In this lab assignment, you will implement the machine learning project plan you created in the written assignment. You will:

1. Load your data set and save it to a Pandas DataFrame.
2. Perform exploratory data analysis on your data to determine which feature engineering and data preparation techniques you will use.
3. Prepare your data for your model and create features and a label.
4. Fit your model to the training data and evaluate your model.
5. Improve your model by performing model selection and/or feature selection techniques to find best model for your problem.

### Import Packages

Before you get started, import a few packages.

In [10]:
import pandas as pd
import numpy as np
import os 
import matplotlib.pyplot as plt
import seaborn as sns

<b>Task:</b> In the code cell below, import additional packages that you have used in this course that you will need for this task.

In [21]:
from sklearn.tree import DecisionTreeRegressor
from sklearn.linear_model import LinearRegression
from sklearn.ensemble import RandomForestRegressor, GradientBoostingRegressor
from sklearn.feature_selection import SelectFromModel
from sklearn.model_selection import train_test_split, cross_val_score, GridSearchCV
from sklearn.metrics import mean_squared_error, r2_score
from sklearn.model_selection import cross_val_score

## Part 1: Load the Data Set


You have chosen to work with one of four data sets. The data sets are located in a folder named "data." The file names of the three data sets are as follows:

* The "adult" data set that contains Census information from 1994 is located in file `adultData.csv`
* The airbnb NYC "listings" data set is located in file  `airbnbListingsData.csv`
* The World Happiness Report (WHR) data set is located in file `WHR2018Chapter2OnlineData.csv`
* The book review data set is located in file `bookReviewsData.csv`



<b>Task:</b> In the code cell below, use the same method you have been using to load your data using `pd.read_csv()` and save it to DataFrame `df`.

In [32]:
WHRDataSet_filename = os.path.join(os.getcwd(), "data", "WHR2018Chapter2OnlineData.csv")
df = pd.read_csv(WHRDataSet_filename)

## Part 2: Exploratory Data Analysis

The next step is to inspect and analyze your data set with your machine learning problem and project plan in mind. 

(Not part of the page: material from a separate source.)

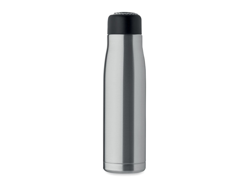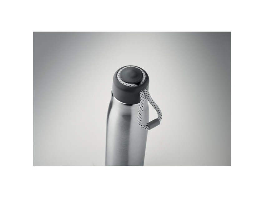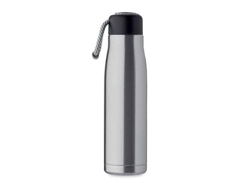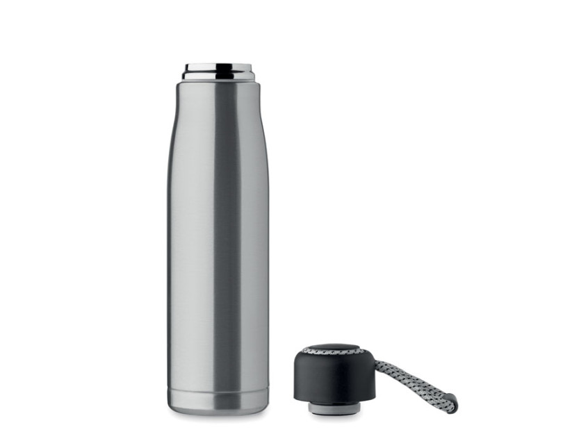 Термос с двойными стенками из 90% переработанной нержавеющей стали и 10% нержавеющей стали со шнурком-держателем на крышке из полипропилена. Герметичен. Объем: 500 мл.

This step will help you determine data preparation and feature engineering techniques you will need to apply to your data to build a balanced modeling data set for your problem and model. These data preparation techniques may include:
* addressing missingness, such as replacing missing values with means
* renaming features and labels
* finding and replacing outliers
* performing winsorization if needed
* performing one-hot encoding on categorical features
* performing vectorization for an NLP problem
* addressing class imbalance in your data sample to promote fair AI


Think of the different techniques you have used to inspect and analyze your data in this course. These include using Pandas to apply data filters, using the Pandas `describe()` method to get insight into key statistics for each column, using the Pandas `dtypes` property to inspect the data type of each column, and using Matplotlib and Seaborn to detect outliers and visualize relationships between features and labels. If you are working on a classification problem, use techniques you have learned to determine if there is class imbalance.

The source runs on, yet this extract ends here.